Take the entries below and print only the lines from the one with "Dans la continuité" through the one with "洗面蛇口 洗面水栓 ホース引出し式", exactly as they stand, both ends included.

#### Excerpted records:
--------------------------------

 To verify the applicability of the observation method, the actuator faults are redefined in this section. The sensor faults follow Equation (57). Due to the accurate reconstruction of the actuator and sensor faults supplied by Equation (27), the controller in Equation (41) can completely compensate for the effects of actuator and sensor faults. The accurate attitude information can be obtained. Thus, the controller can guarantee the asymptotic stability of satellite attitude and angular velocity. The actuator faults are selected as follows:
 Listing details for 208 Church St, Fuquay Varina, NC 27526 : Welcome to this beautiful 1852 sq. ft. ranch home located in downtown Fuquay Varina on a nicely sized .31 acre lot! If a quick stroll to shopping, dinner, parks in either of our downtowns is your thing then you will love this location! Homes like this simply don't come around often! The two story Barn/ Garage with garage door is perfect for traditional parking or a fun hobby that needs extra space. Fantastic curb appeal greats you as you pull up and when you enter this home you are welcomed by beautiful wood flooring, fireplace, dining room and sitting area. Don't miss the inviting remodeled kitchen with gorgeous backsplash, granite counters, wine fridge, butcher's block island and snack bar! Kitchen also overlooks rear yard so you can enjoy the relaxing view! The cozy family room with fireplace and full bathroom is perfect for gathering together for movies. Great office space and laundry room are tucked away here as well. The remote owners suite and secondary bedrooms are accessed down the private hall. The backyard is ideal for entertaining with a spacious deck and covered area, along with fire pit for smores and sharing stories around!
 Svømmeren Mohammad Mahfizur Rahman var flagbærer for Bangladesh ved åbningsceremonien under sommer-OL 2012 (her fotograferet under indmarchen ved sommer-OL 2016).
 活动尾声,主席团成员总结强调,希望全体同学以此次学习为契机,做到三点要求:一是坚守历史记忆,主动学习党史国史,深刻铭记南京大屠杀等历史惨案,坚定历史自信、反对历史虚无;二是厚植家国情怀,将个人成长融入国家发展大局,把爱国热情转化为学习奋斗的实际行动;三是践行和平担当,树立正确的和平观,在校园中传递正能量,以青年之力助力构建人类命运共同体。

--------------------------------

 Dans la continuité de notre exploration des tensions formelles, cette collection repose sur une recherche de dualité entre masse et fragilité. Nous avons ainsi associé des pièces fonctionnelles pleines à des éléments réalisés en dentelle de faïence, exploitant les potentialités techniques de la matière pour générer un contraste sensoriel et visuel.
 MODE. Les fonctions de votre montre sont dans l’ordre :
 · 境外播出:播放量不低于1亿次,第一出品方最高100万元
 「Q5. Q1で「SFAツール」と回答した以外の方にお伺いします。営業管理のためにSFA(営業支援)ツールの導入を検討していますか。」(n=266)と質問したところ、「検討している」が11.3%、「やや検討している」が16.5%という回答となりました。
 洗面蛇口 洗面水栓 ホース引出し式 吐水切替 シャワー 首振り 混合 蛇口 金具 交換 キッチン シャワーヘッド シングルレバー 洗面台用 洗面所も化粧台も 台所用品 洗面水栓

--------------------------------

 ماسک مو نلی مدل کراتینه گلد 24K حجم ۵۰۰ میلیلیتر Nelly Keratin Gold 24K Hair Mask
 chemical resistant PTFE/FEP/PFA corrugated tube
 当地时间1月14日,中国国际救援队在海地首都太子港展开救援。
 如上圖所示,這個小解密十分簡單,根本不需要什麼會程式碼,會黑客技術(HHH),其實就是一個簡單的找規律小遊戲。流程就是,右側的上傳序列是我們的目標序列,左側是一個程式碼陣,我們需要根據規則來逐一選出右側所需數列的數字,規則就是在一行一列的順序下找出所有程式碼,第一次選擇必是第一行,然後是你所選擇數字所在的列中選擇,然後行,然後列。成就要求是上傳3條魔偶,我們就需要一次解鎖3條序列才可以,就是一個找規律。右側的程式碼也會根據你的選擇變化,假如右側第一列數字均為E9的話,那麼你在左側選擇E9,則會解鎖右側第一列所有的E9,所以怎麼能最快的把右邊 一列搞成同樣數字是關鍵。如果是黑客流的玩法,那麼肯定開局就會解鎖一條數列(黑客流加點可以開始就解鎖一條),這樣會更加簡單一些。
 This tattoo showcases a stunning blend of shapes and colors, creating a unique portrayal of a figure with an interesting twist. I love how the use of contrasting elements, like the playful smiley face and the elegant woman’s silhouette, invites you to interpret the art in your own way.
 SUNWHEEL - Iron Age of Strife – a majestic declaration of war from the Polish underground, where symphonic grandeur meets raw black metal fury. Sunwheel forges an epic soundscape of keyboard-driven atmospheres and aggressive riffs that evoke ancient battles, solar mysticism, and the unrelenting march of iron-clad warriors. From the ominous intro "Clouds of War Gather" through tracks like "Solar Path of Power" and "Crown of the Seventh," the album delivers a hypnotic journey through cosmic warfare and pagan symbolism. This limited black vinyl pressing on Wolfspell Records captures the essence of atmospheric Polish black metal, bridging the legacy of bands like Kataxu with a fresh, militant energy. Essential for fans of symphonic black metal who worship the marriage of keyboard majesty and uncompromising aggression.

--------------------------------

#### Output below:
 Dans la continuité de notre exploration des tensions formelles, cette collection repose sur une recherche de dualité entre masse et fragilité. Nous avons ainsi associé des pièces fonctionnelles pleines à des éléments réalisés en dentelle de faïence, exploitant les potentialités techniques de la matière pour générer un contraste sensoriel et visuel.
 MODE. Les fonctions de votre montre sont dans l’ordre :
 · 境外播出:播放量不低于1亿次,第一出品方最高100万元
 「Q5. Q1で「SFAツール」と回答した以外の方にお伺いします。営業管理のためにSFA(営業支援)ツールの導入を検討していますか。」(n=266)と質問したところ、「検討している」が11.3%、「やや検討している」が16.5%という回答となりました。
 洗面蛇口 洗面水栓 ホース引出し式 吐水切替 シャワー 首振り 混合 蛇口 金具 交換 キッチン シャワーヘッド シングルレバー 洗面台用 洗面所も化粧台も 台所用品 洗面水栓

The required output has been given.